11.1 Overgangsrecht bouwwerken
  1. Een bouwwerk dat op het tijdstip van inwerkingtreding van het bestemmingsplan aanwezig of in uitvoering is, dan wel gebouwd kan worden krachtens een omgevingsvergunning voor het bouwen, en afwijkt van het plan, mag, mits deze afwijking naar aard en omvang niet wordt vergroot:
    1. gedeeltelijk worden vernieuwd of veranderd;
    2. na het teniet gaan ten gevolge van een calamiteit geheel worden vernieuwd of veranderd, mits de aanvraag van de omgevingsvergunning voor het bouwen wordt gedaan binnen twee jaar na de dag waarop het bouwwerk is teniet gegaan.

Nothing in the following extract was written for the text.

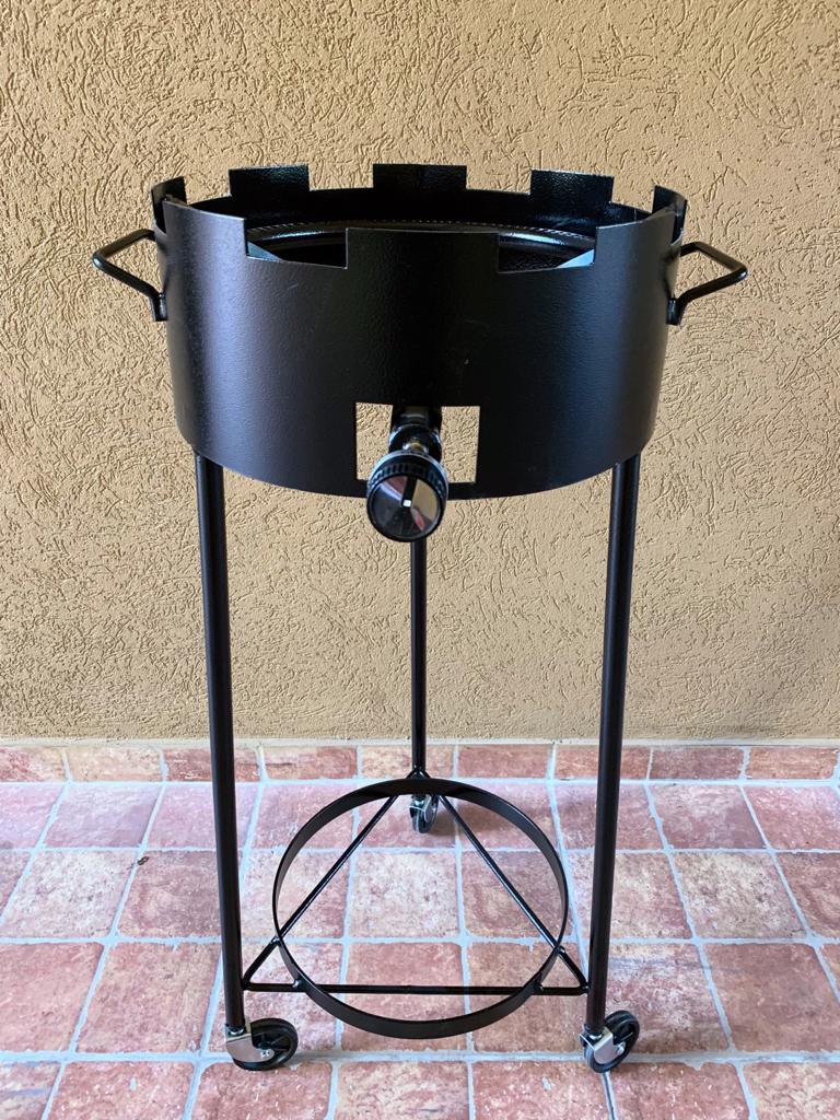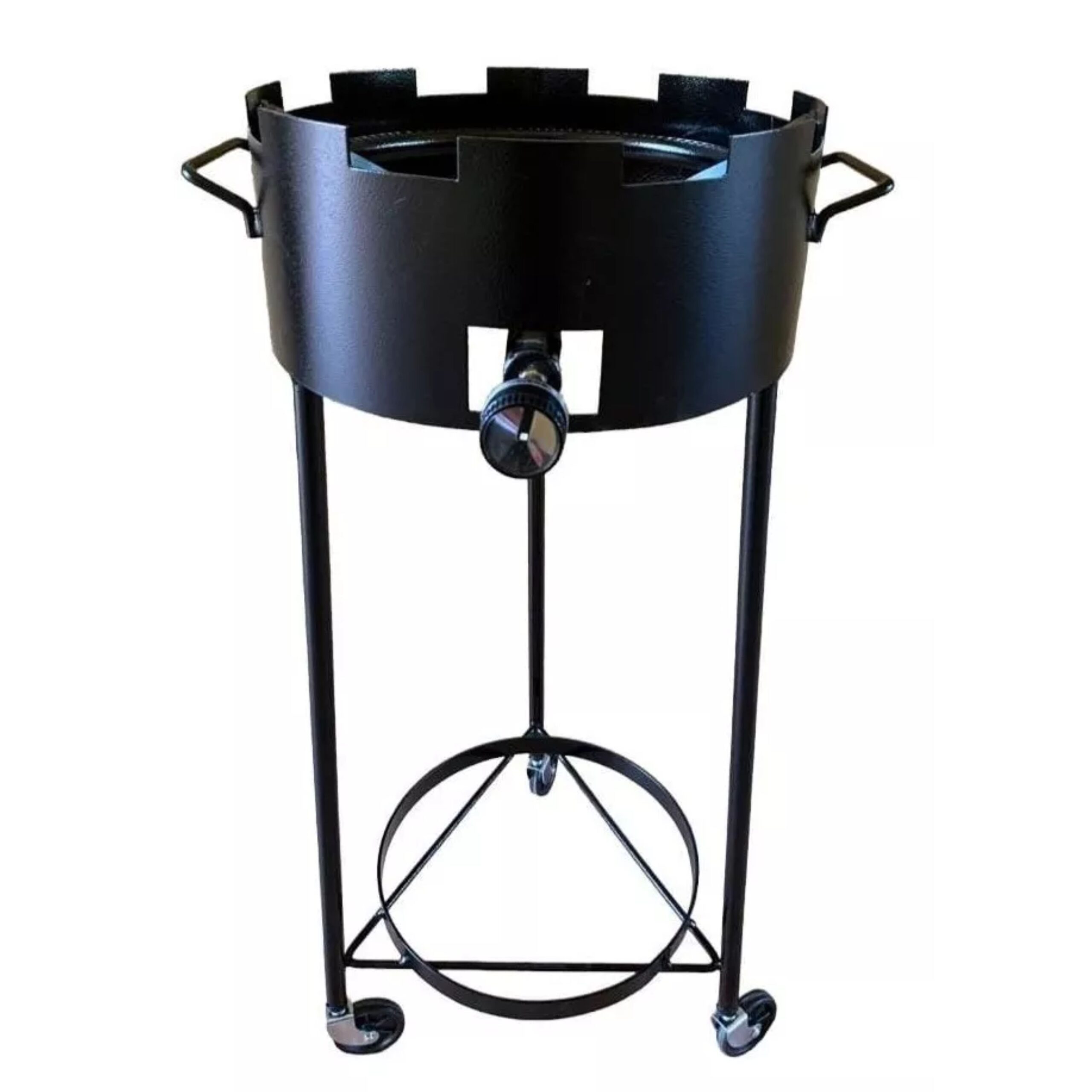 Quemador – Anafe – Mechero para disco de arado original- Con cubre llama- Porta garrafa y ruedas. Color negro

  2. Het bevoegd gezag kan eenmalig in afwijking van het bepaalde in sublid a. een omgevingsvergunning verlenen voor het vergroten van de inhoud van een bouwwerk als bedoeld in het sublid a. met maximaal 10 %;
  3. Sublid a. is niet van toepassing op bouwwerken die weliswaar bestaan op het tijdstip van inwerkingtreding van het plan, maar zijn gebouwd zonder vergunning en in strijd met het daarvoor geldende plan, daaronder begrepen de overgangsbepaling van dat plan.
11.2 Overgangsrecht gebruik
  1. Het gebruik van grond en bouwwerken dat bestond op het tijdstip van inwerkingtreding van het bestemmingsplan en hiermee in strijd is, mag worden voortgezet;
  2. Het is verboden het met het bestemmingsplan strijdige gebruik, bedoeld in sublid a, te veranderen of te laten veranderen in een ander met dat plan strijdig gebruik, tenzij door deze verandering de afwijking naar aard en omvang wordt verkleind.
  3. Indien het gebruik, bedoeld in sublid a, na het tijdstip van inwerkingtreding van het plan voor een periode langer dan een jaar wordt onderbroken, is het verboden dit gebruik daarna te hervatten of te laten hervatten.
  4. Sublid a is niet van toepassing op het gebruik dat reeds in strijd was met het voorheen geldende bestemmingsplan, daaronder begrepen de overgangsbepalingen van dat plan.
Artikel 12 Slotregel
 
Deze regels worden aangehaald als:
 
Regels van het:
 
Wijzigingsplan Meppel – Buitengebied, wijziging Gorthoek 4, van de gemeente Meppel.